A more detailed discussion of the allowance for possible loan losses is provided
under "Loans."

NONINTEREST INCOME

Noninterest income increased in 1998 by $2.51 million, or 11.67%, compared
to an increase of $1.51 million, or 7.53% in 1997 and $2.6 million, or 14.95%,
in 1996. Noninterest income has become an increasingly important source of
revenue. The Company's fee income has increased each year since 1987 due to
improved pricing strategies, enhanced product lines and bank acquisitions. New
products and strategies have been implemented which are expected to produce
continued growth in noninterest income.

Service charges on deposits increased $1.48 million, or 11.24%, compared to
increases of 12.3% and 10.9% in 1997 and 1996, respectively.

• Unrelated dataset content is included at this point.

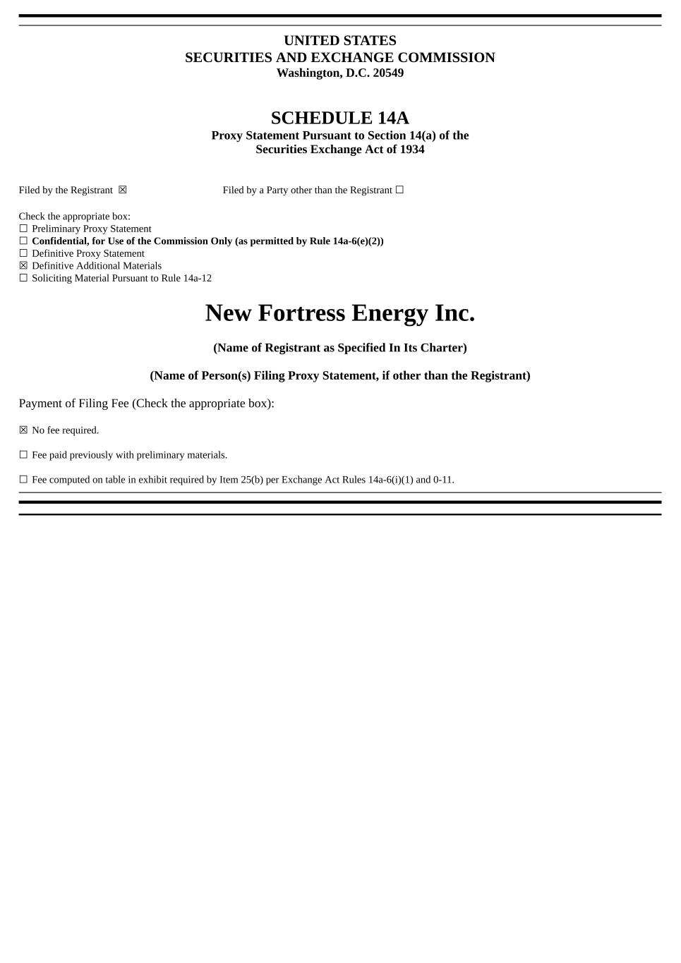 UNITED STATES SECURITIES AND EXCHANGE COMMISSION Washington, D.C. 20549 SCHEDULE 14A Proxy Statement Pursuant to Section 14(a) of the Securities Exchange Act of 1934 Filed by the Registrant ☒ Filed by a Party other than the Registrant ☐ Check the appropriate box: ☐ Preliminary Proxy Statement ☐ Confidential, for Use of the Commission Only (as permitted by Rule 14a-6(e)(2)) ☐ Definitive Proxy Statement ☒ Definitive Additional Materials ☐ Soliciting Material Pursuant to Rule 14a-12 New Fortress Energy Inc. (Name of Registrant as Specified In Its Charter) (Name of Person(s) Filing Proxy Statement, if other than the Registrant) Payment of Filing Fee (Check the appropriate box): ☒ No fee required. ☐ Fee paid previously with preliminary materials. ☐ Fee computed on table in exhibit required by Item 25(b) per Exchange Act Rules 14a-6(i)(1) and 0-11.

In 1997 and 1998,
the Company implemented strategies to improve the charging and collection of
various service charges. The growth in 1996 was primarily due to acquisitions.
Other noninterest income decreased $1.02 million, or 12.24%, in 1998, after
increasing 3.46% in 1997 and 20.41% in 1996. The primary causes of the
increases were increased fees from mortgage loan originations, gains on sales of
mortgage loans and higher trust revenues.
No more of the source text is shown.